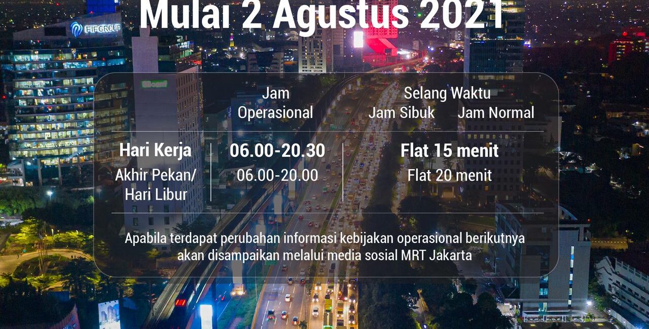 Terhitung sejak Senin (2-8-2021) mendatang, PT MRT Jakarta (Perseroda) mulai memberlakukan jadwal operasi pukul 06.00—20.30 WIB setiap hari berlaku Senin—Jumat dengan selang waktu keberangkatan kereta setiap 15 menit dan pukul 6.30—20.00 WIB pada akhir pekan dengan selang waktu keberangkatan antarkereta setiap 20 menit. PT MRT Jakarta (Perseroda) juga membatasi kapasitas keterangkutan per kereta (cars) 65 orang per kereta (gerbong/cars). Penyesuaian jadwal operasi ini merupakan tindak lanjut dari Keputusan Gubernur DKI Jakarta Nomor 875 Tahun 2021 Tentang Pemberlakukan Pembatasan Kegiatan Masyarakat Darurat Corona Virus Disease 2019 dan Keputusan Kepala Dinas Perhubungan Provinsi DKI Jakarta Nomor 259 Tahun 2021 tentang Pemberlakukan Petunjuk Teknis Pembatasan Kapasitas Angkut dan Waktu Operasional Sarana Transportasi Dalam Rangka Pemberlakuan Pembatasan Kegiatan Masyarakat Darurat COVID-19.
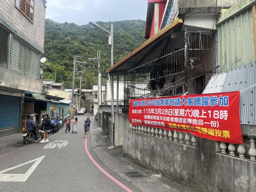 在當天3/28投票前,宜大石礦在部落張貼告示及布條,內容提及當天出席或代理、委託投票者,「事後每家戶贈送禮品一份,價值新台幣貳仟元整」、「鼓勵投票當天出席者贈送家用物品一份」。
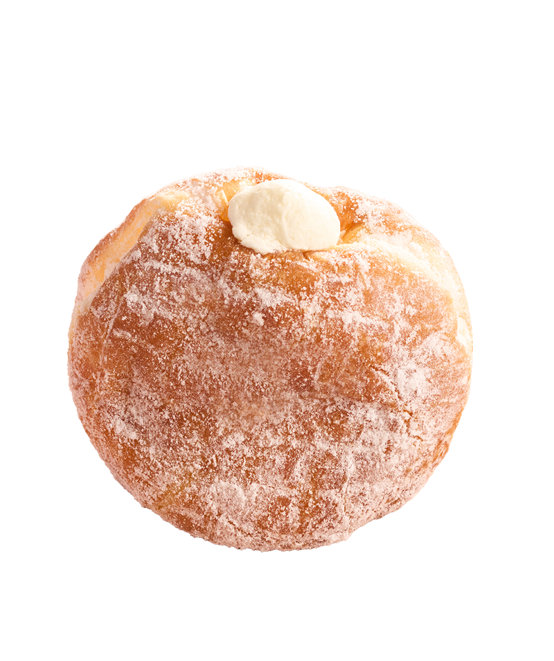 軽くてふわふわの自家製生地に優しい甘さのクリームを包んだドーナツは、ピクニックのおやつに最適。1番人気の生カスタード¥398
....
- _Your goal_
The copy should hold, exactly, the lines from the one containing "在當天3/28投票前,宜大石" to the final line of the listing above, with both ends present and no pictures.

- _Result of this task_
 在當天3/28投票前,宜大石礦在部落張貼告示及布條,內容提及當天出席或代理、委託投票者,「事後每家戶贈送禮品一份,價值新台幣貳仟元整」、「鼓勵投票當天出席者贈送家用物品一份」。
 軽くてふわふわの自家製生地に優しい甘さのクリームを包んだドーナツは、ピクニックのおやつに最適。1番人気の生カスタード¥398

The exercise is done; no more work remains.